In my post I would like to focus on yet another dimension of data, that is human rights and human dignity aspects of the appropriation of data for profit by the social media platforms. In particular, I will look into the lack of accountability of the tech giants in their actions in the fringes of the imperium and at the bottom of the data pyramid (Milan and Treré, 2021, p.321) and the practices of digital colonialism. I delve into platform’s manipulative business models and their role and economic interest in keeping the status quo.
The New Oil
In 2017 the Economist published an article “The world’s most valuable resource is no longer oil, but data”, coining the term “data is the new oil”. The article has generated a great deal of discussion about what happens with our data, and the role of the tech giants in handling it, prompting the legislators in the “North” to regulate how the citizen’s data is handled (see the Digital Services Act or American Data Privacy and Protection Act).
In the context of the “South” a lot has been said since about the role of data in development, and how it helps to address inequalities through improved monitoring capacities, allowing for better targeting those in need and identifying those needs in the first place. Data and the digitalisation at large are presented as THE NEW OIL that is improving lives and is responsible for “lifting a large majority of the population of the world out of dire poverty”.
Aside from this rather romanticised view of data, it is paramount to understand the role of the digital platforms that play a crucial role in the extraction of this “new oil” for its commodification.
It has been widely reported that social media sit at the heart of the communication for/about development (Tufecki, 2017).

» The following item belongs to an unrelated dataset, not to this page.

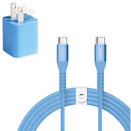 LOGiiX Vibrance 30W USB-C GaN Wall Charger with 1.5m USB-C Cable - Baby Blue

They offer inexpensive means and space to tell the untold stories by the vulnerable communities themselves and support digital activism through allowing them to scale up their interventions. A fellow blogger from The New Media Activists, recently wrote about an excellent example of the power of TikTok in activism.
Yet, in the shadows of this activism, sit the digital platforms that benefit directly from our engagement online and our data relations (Couldry, Mejias, 2019). In fact, the recent research by Access Now has identified that the more controversial the issues are discussed online, the more user engagement they generate, the more visible they are to a larger audience (Prikova, 2021). This is because of the very design of social media interface algorithms which rank higher posts that are controversial to maximise the profit of the ad revenue to the platform owner. The research commissioned by the European Parliament has called such trends “polarisation by design”, due to the fact that it is often the highly divisive content or pure disinformation that scores better in terms of visibility (and let’s not forget it, in direct revenues to the platforms).
Colonialism 2.0
In light of this, is data the new oil that will bring millions out of poverty? The increased body of research shows that in fact data turns out to be the new means of oppression, with the researchers comparing it to the practices of colonialism (Couldry, Mejias, 2019). Digital colonialism “is the use of digital technology for political, economic and social domination of another nation or territory” (Kwet, 2021) and it comes in many shapes and forms, such as dataveillance, hardware and software manufacturers, bitcoin mines, internet scams bordering on humans slavery, to name just a few.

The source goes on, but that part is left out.